TASK »
Your reply should reproduce all the data below exactly while excluding the pictures.

AVAILABLE DATA »
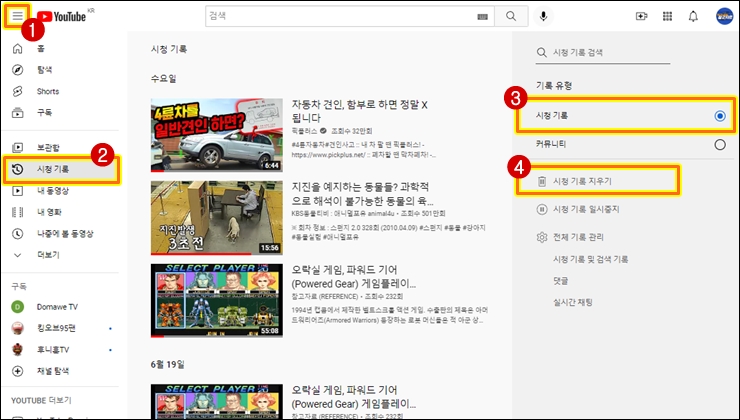 1-1. 웹브라우저에서 유튜브 방문 후 그림과 같이 시청기록 - 시청기록 지우기를 선택합니다. ▼
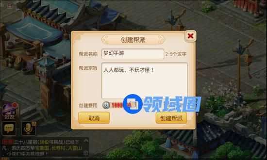 《梦幻西游》的帮派是通过玩家自行申请建立的,需要申请人的等级≥10,并且当前没有加入帮派,也没有申请加入其它帮派,满足条件的玩家可以在 长安城(186,15)找到“帮派主管”或者在帮派功能开启后在主界面找到“帮派”功能按钮打开“加入帮派”界面,申请建立帮派,需要缴纳100万银币作 为申请费。
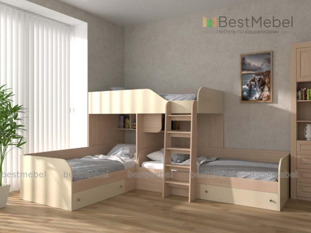 У нас в одной комнате растут трое мальчиков. Эта кровать оказалась единственным удобным вариантом, как разместить три "взрослых" спальных места, чтобы при этом осталось место для игр и учебы.Действительно быстрое и качественное изготовление, бесплатная доставка, да еще и бонусом получили бесплатную полочку, отлично вписавшуюся в интерьер.Спасибо конструкторам и производителям!
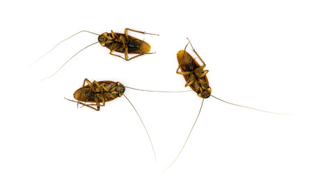 Group of dead cockroaches isolated on white background.
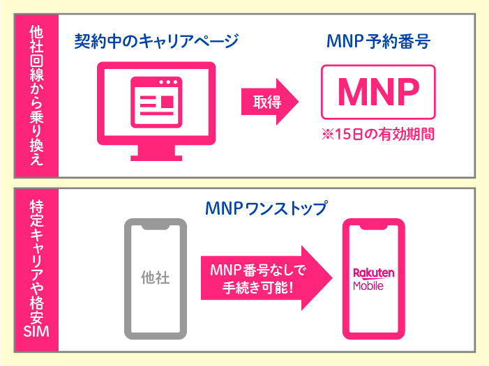 乗り換えとは、他社スマホ会社から同じ電話番号を使って楽天モバイルを契約する「MNP乗り換え」を意味します。
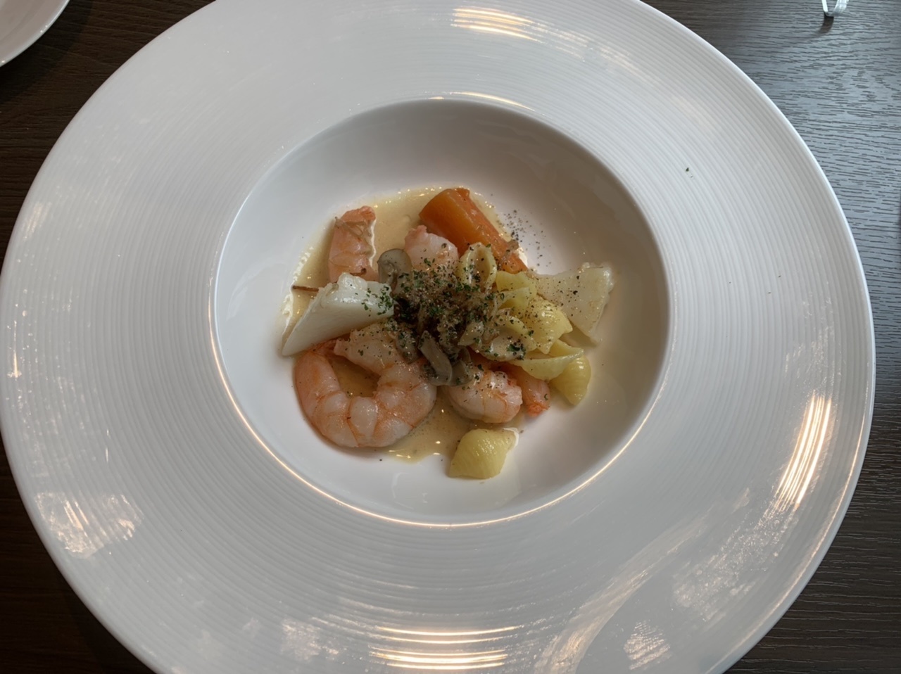前菜のパテが美味しかったです。メインはシーフードを選びましたが、値段の割には量が少なくてパッとしないかな。デザートはクレープをいただきました。

ANSWER FOR THIS EXERCISE »
 1-1. 웹브라우저에서 유튜브 방문 후 그림과 같이 시청기록 - 시청기록 지우기를 선택합니다. ▼
 《梦幻西游》的帮派是通过玩家自行申请建立的,需要申请人的等级≥10,并且当前没有加入帮派,也没有申请加入其它帮派,满足条件的玩家可以在 长安城(186,15)找到“帮派主管”或者在帮派功能开启后在主界面找到“帮派”功能按钮打开“加入帮派”界面,申请建立帮派,需要缴纳100万银币作 为申请费。
 У нас в одной комнате растут трое мальчиков. Эта кровать оказалась единственным удобным вариантом, как разместить три "взрослых" спальных места, чтобы при этом осталось место для игр и учебы.Действительно быстрое и качественное изготовление, бесплатная доставка, да еще и бонусом получили бесплатную полочку, отлично вписавшуюся в интерьер.Спасибо конструкторам и производителям!
 Group of dead cockroaches isolated on white background.
 乗り換えとは、他社スマホ会社から同じ電話番号を使って楽天モバイルを契約する「MNP乗り換え」を意味します。
前菜のパテが美味しかったです。メインはシーフードを選びましたが、値段の割には量が少なくてパッとしないかな。デザートはクレープをいただきました。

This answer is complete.